What you have to do
Return the data below in full and exactly, except that the pictures are dropped.

Data below
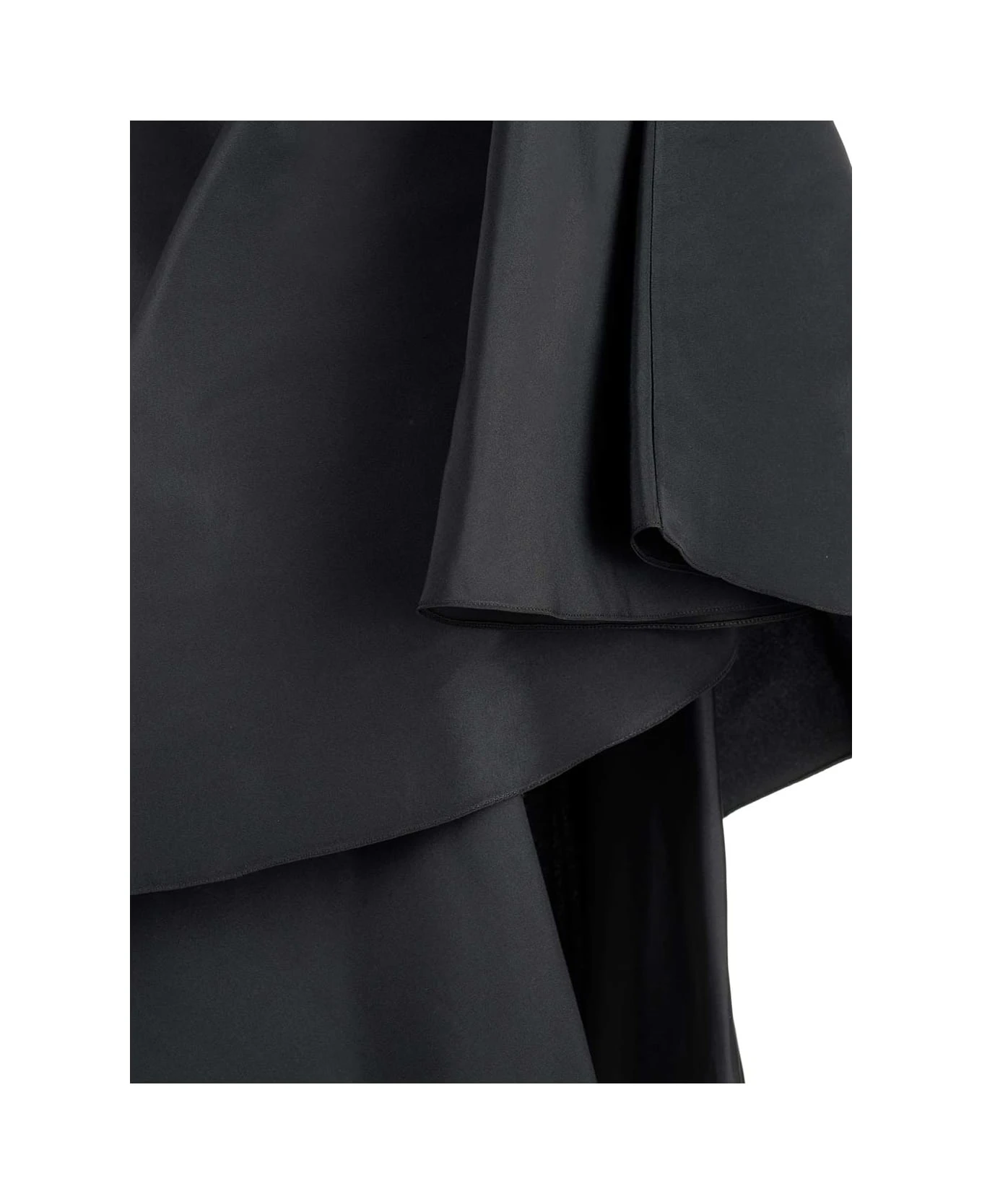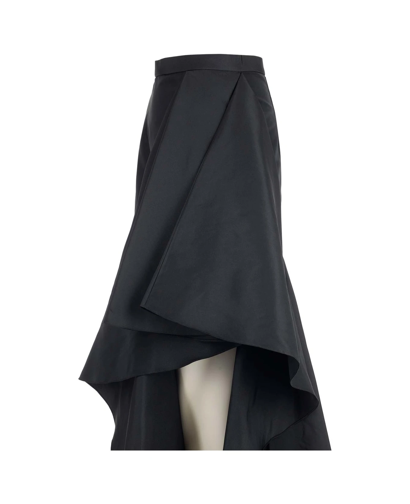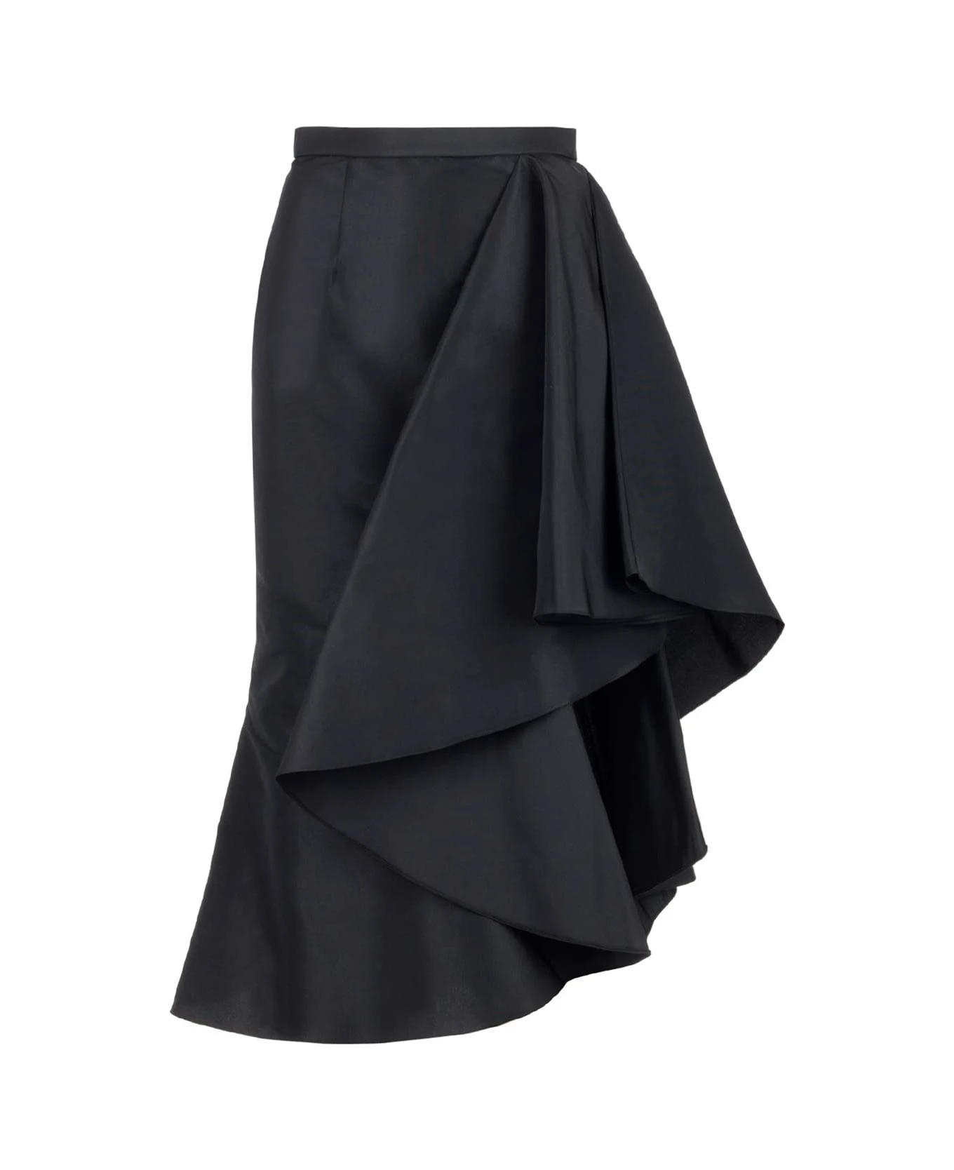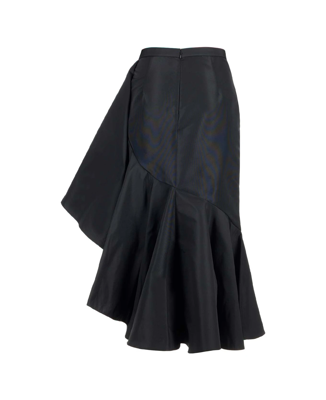 Black polyfaille midi skirt from Alexander McQueen with asymmetrical draped details and back zip closure.
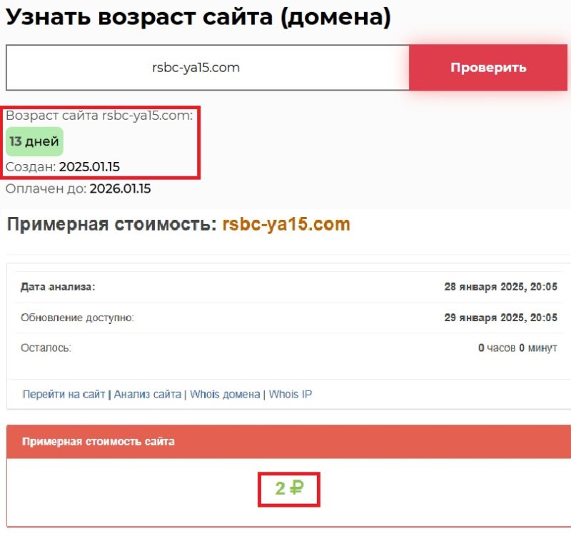Проверка сторонними сервисами, такими как Seolik и Whois, показала, что возраст мошеннического проекта составляет всего несколько месяцев. Домен был зарегистрирован 15 января 2025 года, хотя на главной странице говорится о многолетней истории успеха. Еще один тревожный момент – стоимость сайта, которая равна ничтожным двум рублям. Это четко указывает на мошеннический характер платформы, так как серьезные финансовые компании вкладывают значительные средства в свои творения.
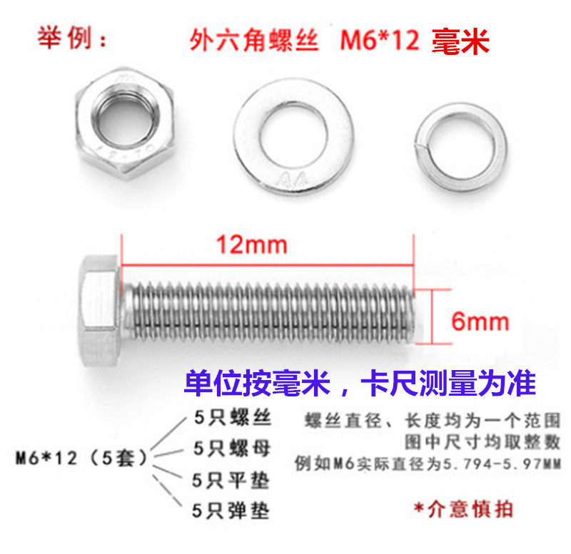 M6M8M10M12 hexagon bolt 304 stainless steel screw Nut set Bed screw Screw with cap
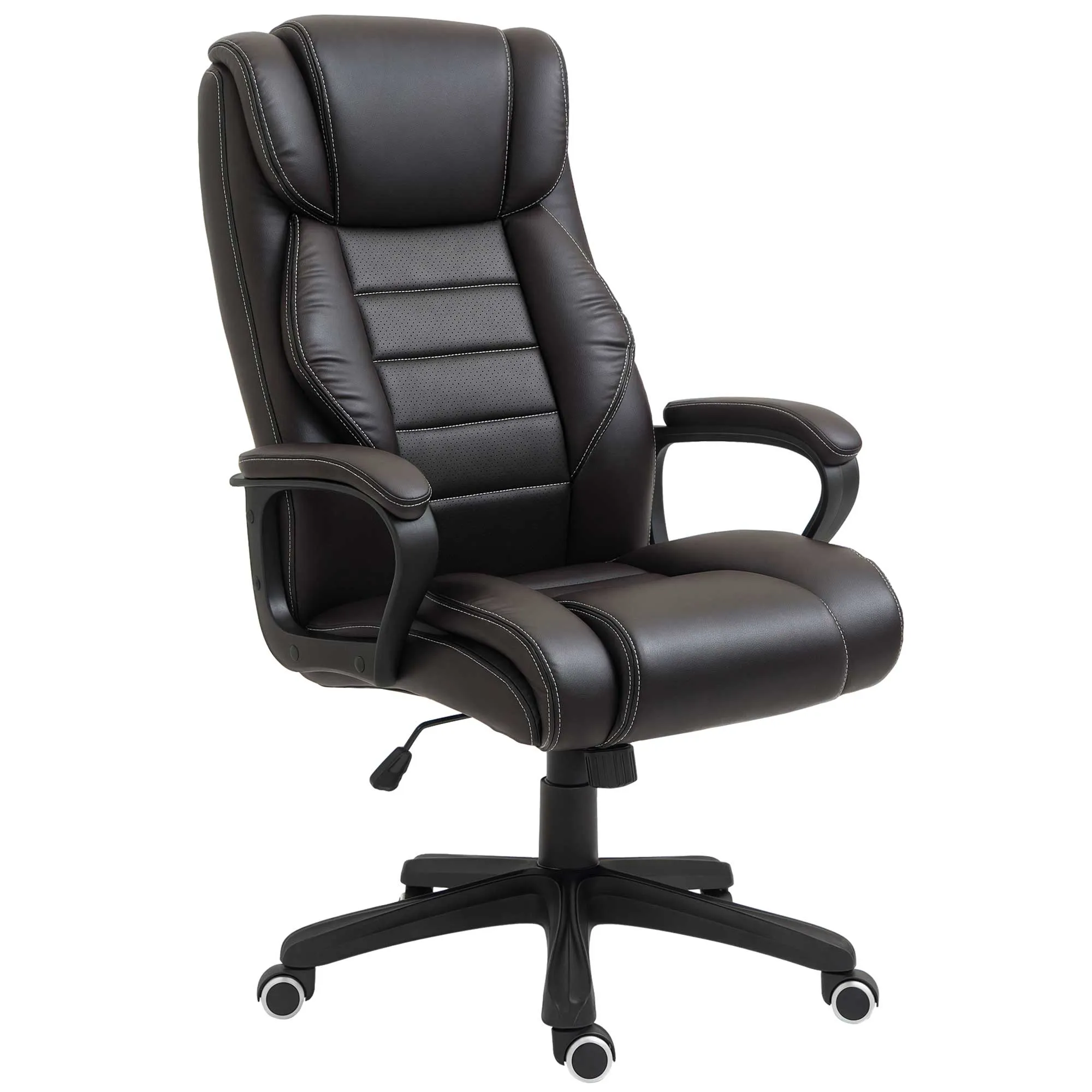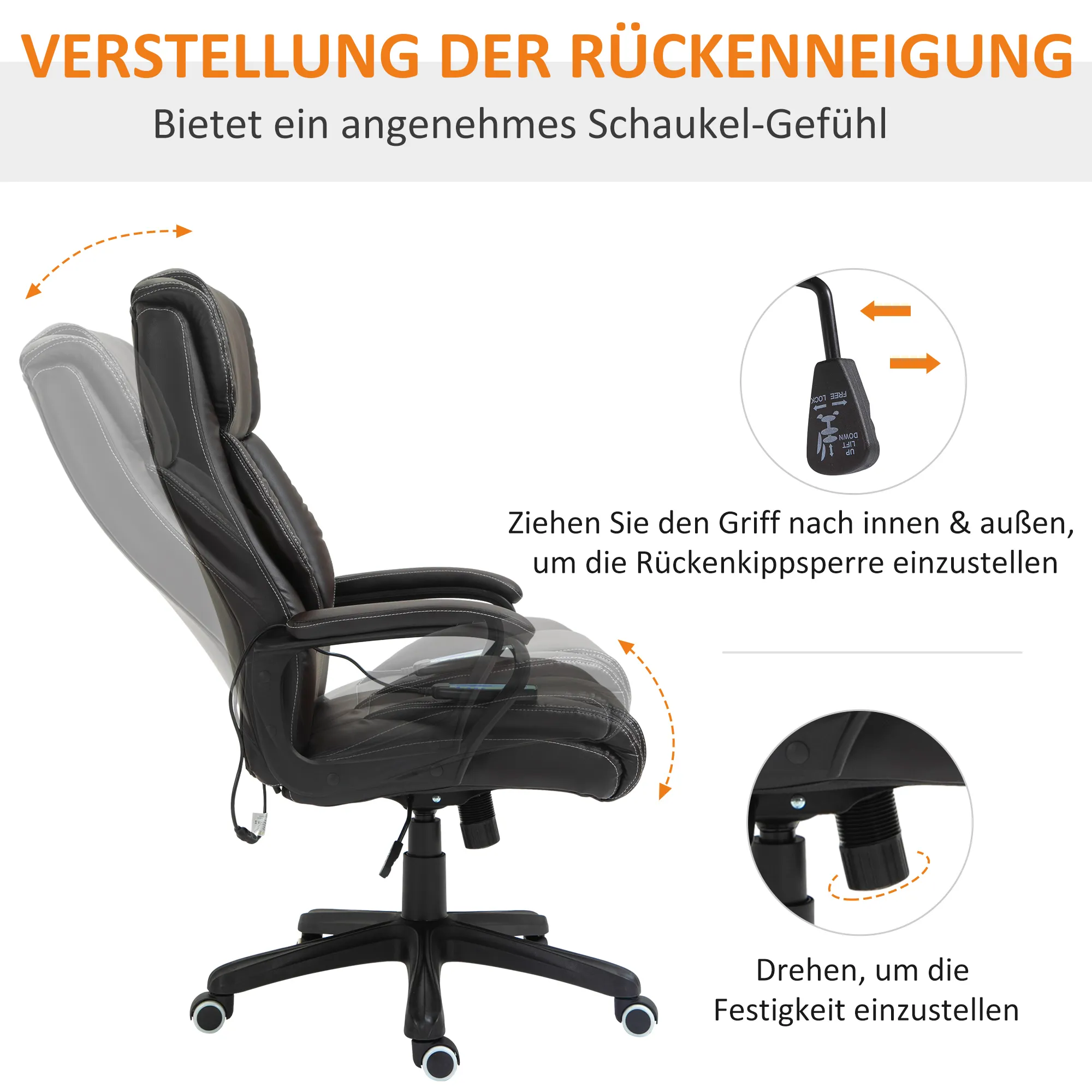 Bürostuhl mit Massagefunktion, höhenverstellbarer Chefsessel, ergonomischer Drehstuhl, 6 Vibrationspunkte, Braun

Exercise result
 Black polyfaille midi skirt from Alexander McQueen with asymmetrical draped details and back zip closure.
Проверка сторонними сервисами, такими как Seolik и Whois, показала, что возраст мошеннического проекта составляет всего несколько месяцев. Домен был зарегистрирован 15 января 2025 года, хотя на главной странице говорится о многолетней истории успеха. Еще один тревожный момент – стоимость сайта, которая равна ничтожным двум рублям. Это четко указывает на мошеннический характер платформы, так как серьезные финансовые компании вкладывают значительные средства в свои творения.
 M6M8M10M12 hexagon bolt 304 stainless steel screw Nut set Bed screw Screw with cap
 Bürostuhl mit Massagefunktion, höhenverstellbarer Chefsessel, ergonomischer Drehstuhl, 6 Vibrationspunkte, Braun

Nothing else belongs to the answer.